Personal information
- Full name: Chris Burton
- Date of birth: 21 October 1961 (age 63)
- Place of birth: England
- Original team(s): Sunshine Heights
- Height: 180 cm (5 ft 11 in)
- Weight: 76 kg (168 lb)

Playing career^{1}
- Years: Club / Games (Goals)
- 1980–1984: Footscray / 67 (27)
- 1985–1988: Richmond / 50 (8)
- Total:  / 117 (35)
- ^{1} Playing statistics correct to the end of 1988.

= Chris Burton (Australian footballer) =

Chris Burton (born 21 October 1961) is a former Australian rules footballer who played with Footscray and Richmond in the Victorian Football League (VFL).

Burton was born in England and recruited to Footscray from Sunshine Heights. He spent five seasons playing for Footscray, mostly as a wingman.

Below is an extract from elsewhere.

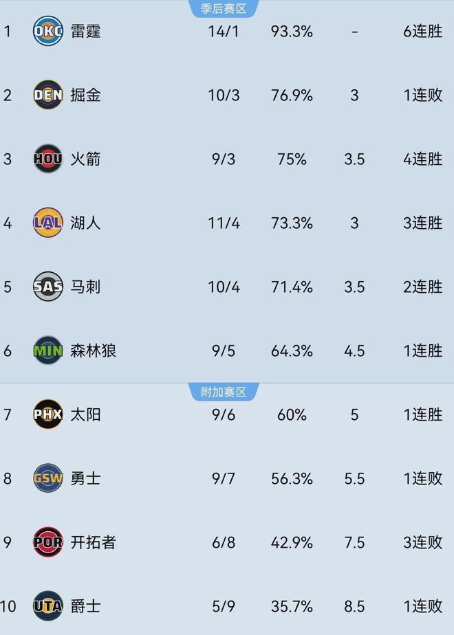 话说斯普利特估计转正没戏了,近六场比赛输了5场,唯一一场胜利赢的是西部垫底的鹈鹕,目前以6胜8负排名西部第九,好在仍牢牢处于附加赛区域,西部第十的快船(4胜10负)距离他们还有两个胜场。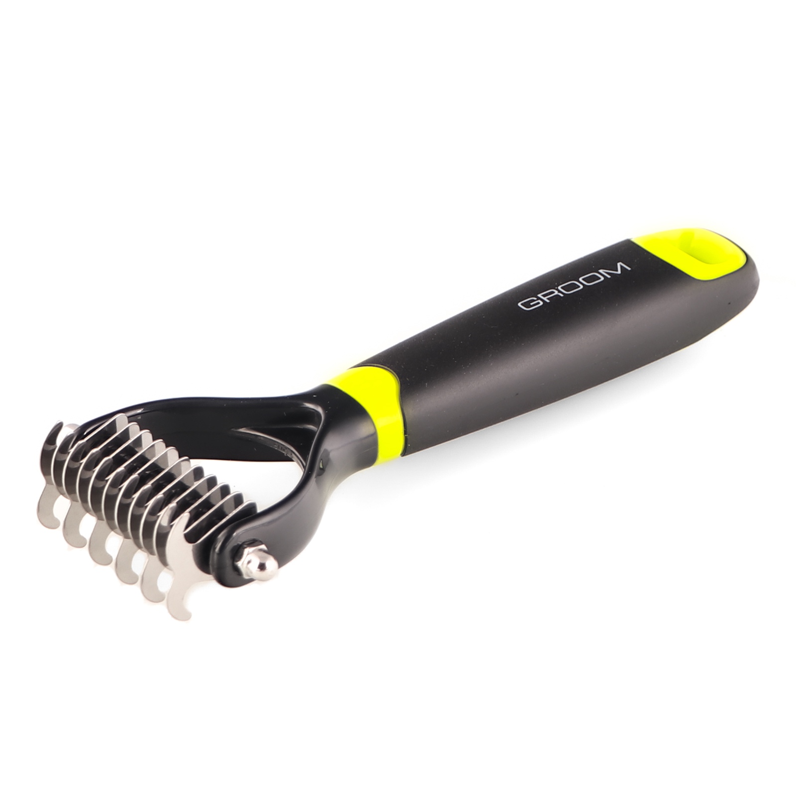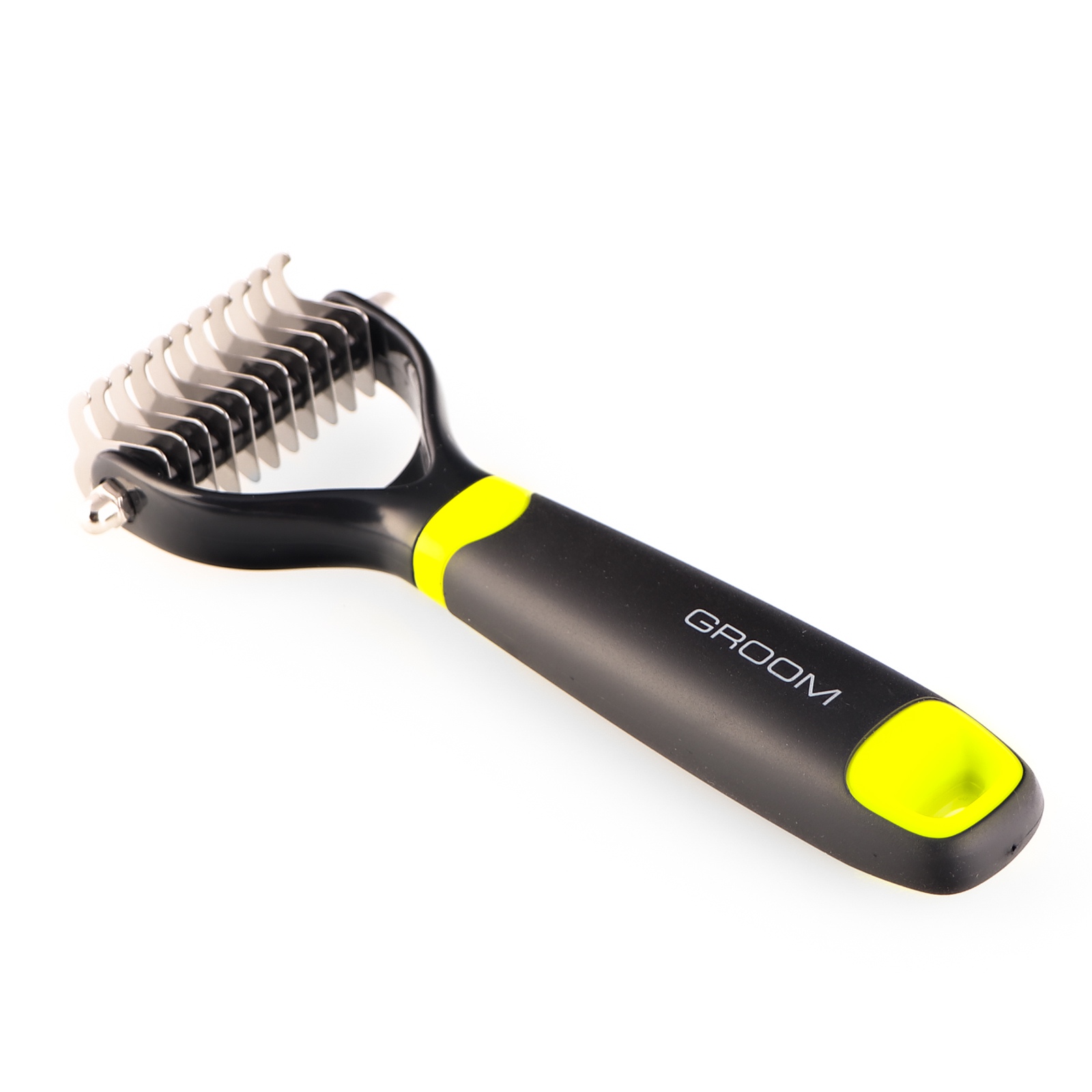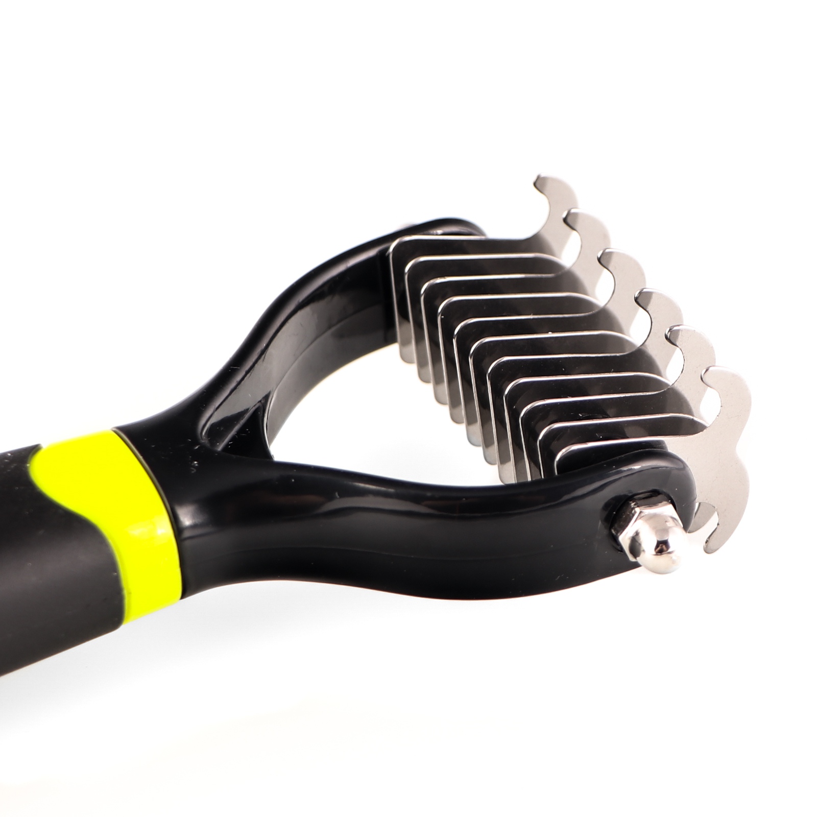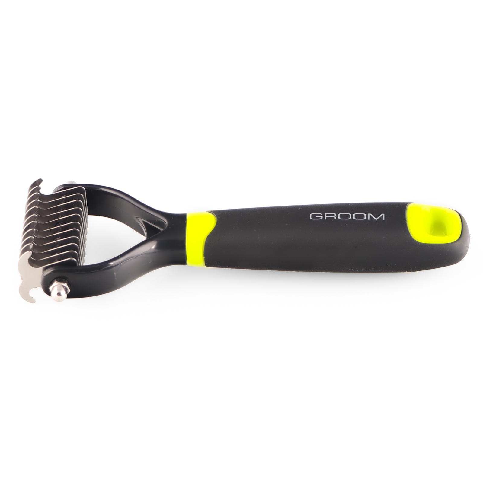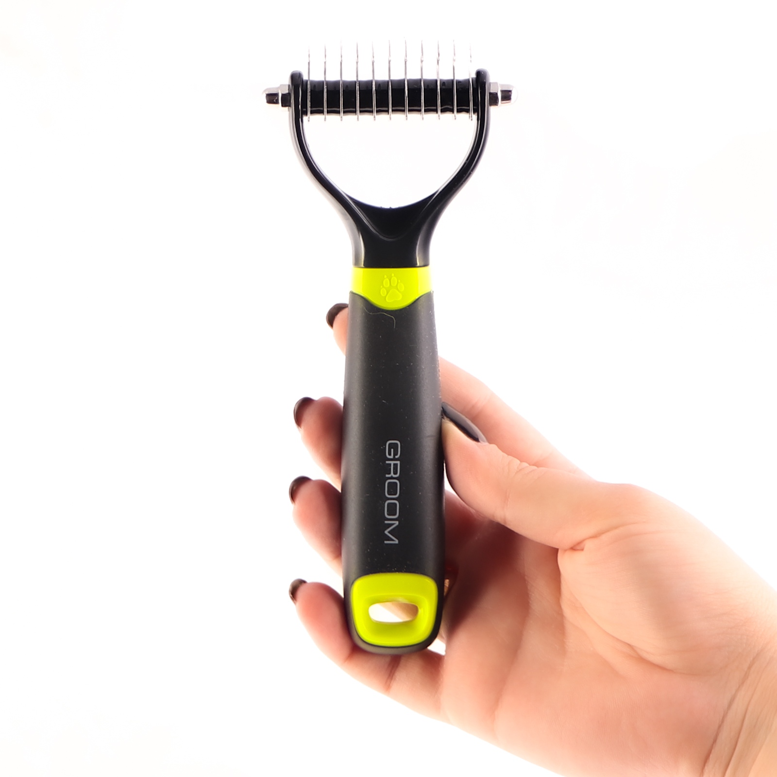 - dwustronny grzebień, który może być używany do rozczesywania, usuwania sierści oraz jako zgrzebło do wyczesywania podszerstka

With teammate Michael McKenna, Burton made his way to Richmond at the end of the 1984 season. Burton was used predominantly as a back pocket defender while at Richmond. He was Richmond's leading disposal getter in 1987, with 360 kicks and 78 handballs.

He played for Williamstown after leaving the VFL and was a member of their 1990 premiership team. Burton played 42 games and kicked 78 goals for the VFA Seagulls from 1989 to 1991, and was selected on a half back-flank in the WFC 1990's Team-of-the-Decade.